Panisch wendet der Hirsch kurz seinen Kopf und springt dann dem Jäger entgegen. Dieser erhebt sich etwas um besser zielen zu können, denn er weiß, dass seine Beute ihm nicht mehr ausweichen kann. Er visieret den Punkt des Tieres an, unter dem das Herz schlägt, denn er hat nur diesen einen Schuss. Den Schuss, von dem das Jagdglück abhängt.
Der Pfeil ist ein Besonderer. Gefertigt für die Jagd, aber gehandelt, wie eine Reliquie. Aus bestem Eisen die Spitze, aus edelstem Holz der Schaft und nur die besten Federn als Befiederung. Geschaffen um zu Töten. Um zu Töten und damit Leben zu schenken. Leben, in Form von Nahrung und Fell.
Der Atem geht langsam und ruhig; das Zittern in den Händen schwindet; die Augen nehmen nur noch den Hirsch war; die Ohren hören das leise Prasseln des Regens nicht.
Die Finger des Jägers geben die Sehne endlich frei! Unter dem Auseinanderstäuben des Regenwassers, das sich auf dieser gesammelt hat, schnellt sie nach vorne und schickt das tödliche Geschoss auf seine Reise.
Mit erstarrten Augen bricht der Hirsch im Sprung zusammen! Das Eisen hat seine Brust durchschlagen und sein Herz getroffen!
Schwer schlägt er auf dem feuchten Moos auf und rutscht über den nassen Boden. Seine Läufe sind in unnatürlicher Weiße abgewinkelt.

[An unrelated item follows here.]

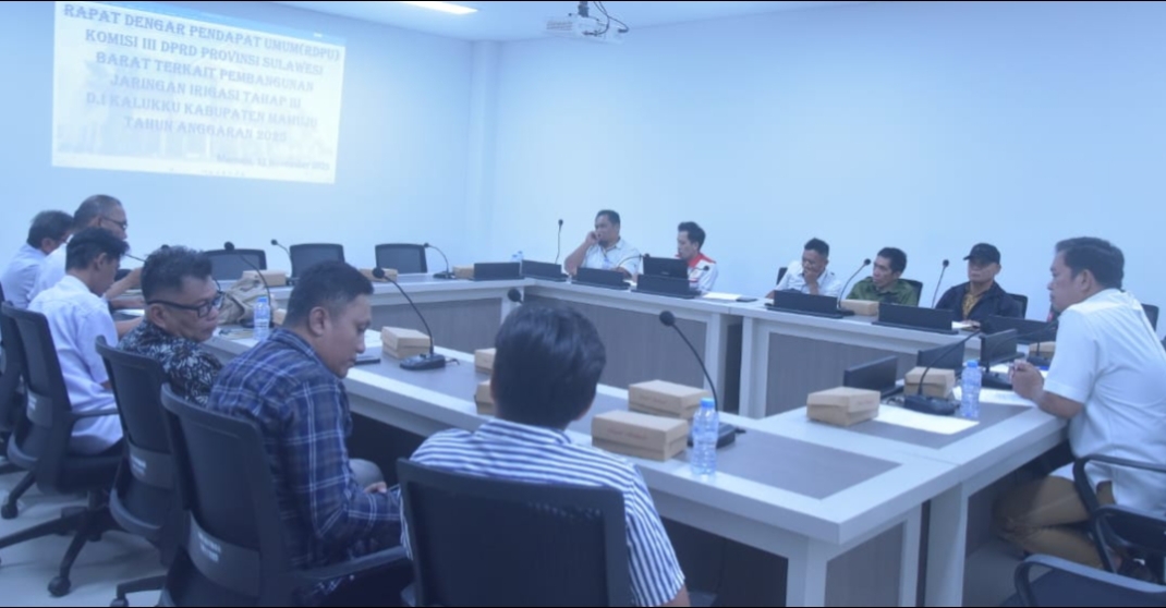 Rapat yang berlangsung pada 11 November 2025, di ruang Komisi III DPRD Sulbar ini dipimpin oleh Wakil Ketua Komisi III Fredy Boy dan dihadiri oleh perwakilan Balai Wilayah Sungai (BWS), pihak kontraktor pelaksana PT Rafa, serta perwakilan dari Dewan Pimpinan Daerah Gerakan Masyarakat Perangi Korupsi (DPD GMPK).

Rasch springt der Schütze aus seiner Deckung und bringt die restlichen Schritte bis zu dem Tier hinter sich, etwas blitzendes in seiner Hand - die letzte Erlösung, sollte das blutende Herz noch schlagen...
... Ihr seht also, dass es nicht immer Kampf und Gewalt sein muss, oder gar eine lange Geschichte, sehr geehrte Zuhörer. Es reicht auch ein kurzer Moment, der einen fesseln kann.', sprach der Redner und trat nach einer kurzen Verbeugen von der Tribüne.